BEGIN Data to examine
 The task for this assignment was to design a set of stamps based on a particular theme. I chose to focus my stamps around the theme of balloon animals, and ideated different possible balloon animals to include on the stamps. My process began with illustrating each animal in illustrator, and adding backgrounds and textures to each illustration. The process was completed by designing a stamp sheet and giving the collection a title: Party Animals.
END Data to examine
BEGIN Data to examine
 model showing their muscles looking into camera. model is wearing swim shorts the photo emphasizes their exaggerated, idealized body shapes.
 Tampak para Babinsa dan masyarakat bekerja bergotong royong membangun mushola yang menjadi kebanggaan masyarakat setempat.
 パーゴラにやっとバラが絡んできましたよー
END Data to examine
Task to complete:
Produce a word-for-word copy of everything above from the line holding "Tampak para Babinsa" down to the line holding "パーゴラにやっとバラが絡んできましたよー", with both of those lines kept.

Response for this exercise:
 Tampak para Babinsa dan masyarakat bekerja bergotong royong membangun mushola yang menjadi kebanggaan masyarakat setempat.
 パーゴラにやっとバラが絡んできましたよー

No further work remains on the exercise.